### Task to carry out
Word for word, retype the lines from the one containing "Afiador De Faca" to the one containing "Location: NeverNever Lake" below, keeping both end lines and dropping the pictures.

### Stored data
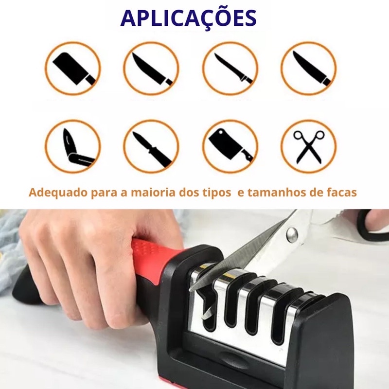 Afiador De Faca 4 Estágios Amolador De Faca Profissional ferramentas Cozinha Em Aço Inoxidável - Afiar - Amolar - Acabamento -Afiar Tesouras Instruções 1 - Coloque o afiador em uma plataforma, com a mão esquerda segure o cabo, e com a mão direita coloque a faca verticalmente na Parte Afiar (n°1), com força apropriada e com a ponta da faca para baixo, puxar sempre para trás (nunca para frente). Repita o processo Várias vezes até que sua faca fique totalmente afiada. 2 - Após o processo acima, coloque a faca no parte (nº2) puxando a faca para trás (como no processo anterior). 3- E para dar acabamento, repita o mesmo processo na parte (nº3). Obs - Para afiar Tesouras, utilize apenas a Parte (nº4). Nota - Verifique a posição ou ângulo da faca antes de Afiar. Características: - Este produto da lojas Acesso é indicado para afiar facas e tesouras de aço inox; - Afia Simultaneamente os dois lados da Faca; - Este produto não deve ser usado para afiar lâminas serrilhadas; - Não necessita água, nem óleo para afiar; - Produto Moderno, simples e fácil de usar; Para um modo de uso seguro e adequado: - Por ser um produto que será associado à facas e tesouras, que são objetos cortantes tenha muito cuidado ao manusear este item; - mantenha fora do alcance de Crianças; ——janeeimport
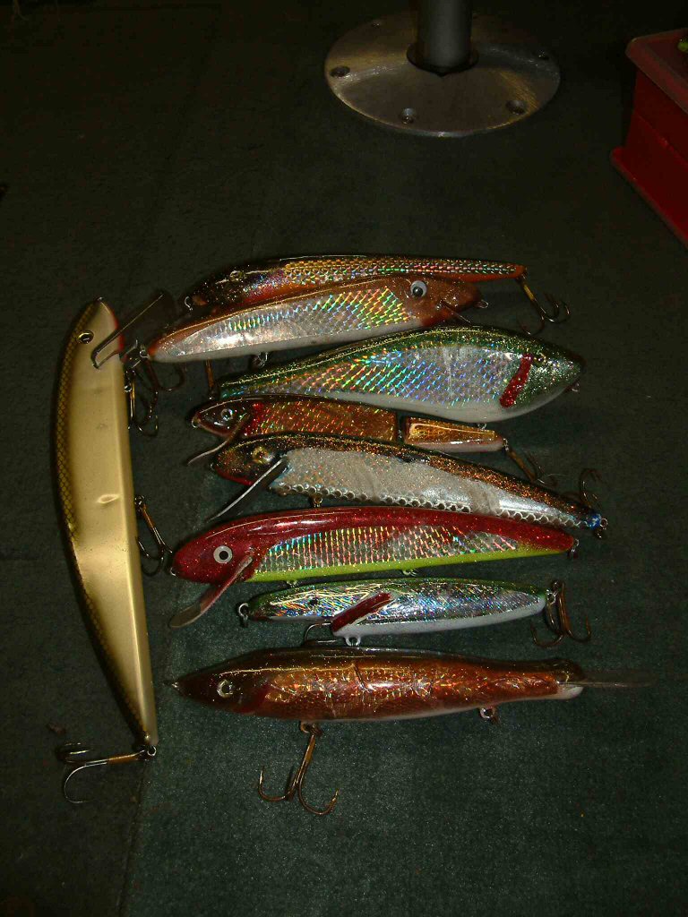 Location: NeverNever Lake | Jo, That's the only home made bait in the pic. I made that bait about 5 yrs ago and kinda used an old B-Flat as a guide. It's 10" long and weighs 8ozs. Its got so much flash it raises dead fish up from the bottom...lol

--

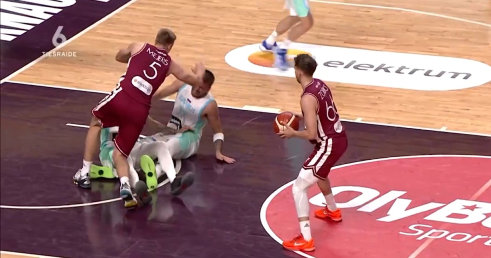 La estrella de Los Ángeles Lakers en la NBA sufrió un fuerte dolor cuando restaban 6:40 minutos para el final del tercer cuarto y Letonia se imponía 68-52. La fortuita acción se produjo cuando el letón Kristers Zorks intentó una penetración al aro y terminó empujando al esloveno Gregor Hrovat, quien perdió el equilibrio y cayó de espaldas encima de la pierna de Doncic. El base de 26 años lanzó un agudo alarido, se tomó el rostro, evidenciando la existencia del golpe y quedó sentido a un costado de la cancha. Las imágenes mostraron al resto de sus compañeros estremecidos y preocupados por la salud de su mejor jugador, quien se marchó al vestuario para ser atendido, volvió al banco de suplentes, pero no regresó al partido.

### Exercise output
 Afiador De Faca 4 Estágios Amolador De Faca Profissional ferramentas Cozinha Em Aço Inoxidável - Afiar - Amolar - Acabamento -Afiar Tesouras Instruções 1 - Coloque o afiador em uma plataforma, com a mão esquerda segure o cabo, e com a mão direita coloque a faca verticalmente na Parte Afiar (n°1), com força apropriada e com a ponta da faca para baixo, puxar sempre para trás (nunca para frente). Repita o processo Várias vezes até que sua faca fique totalmente afiada. 2 - Após o processo acima, coloque a faca no parte (nº2) puxando a faca para trás (como no processo anterior). 3- E para dar acabamento, repita o mesmo processo na parte (nº3). Obs - Para afiar Tesouras, utilize apenas a Parte (nº4). Nota - Verifique a posição ou ângulo da faca antes de Afiar. Características: - Este produto da lojas Acesso é indicado para afiar facas e tesouras de aço inox; - Afia Simultaneamente os dois lados da Faca; - Este produto não deve ser usado para afiar lâminas serrilhadas; - Não necessita água, nem óleo para afiar; - Produto Moderno, simples e fácil de usar; Para um modo de uso seguro e adequado: - Por ser um produto que será associado à facas e tesouras, que são objetos cortantes tenha muito cuidado ao manusear este item; - mantenha fora do alcance de Crianças; ——janeeimport
 Location: NeverNever Lake | Jo, That's the only home made bait in the pic. I made that bait about 5 yrs ago and kinda used an old B-Flat as a guide. It's 10" long and weighs 8ozs. Its got so much flash it raises dead fish up from the bottom...lol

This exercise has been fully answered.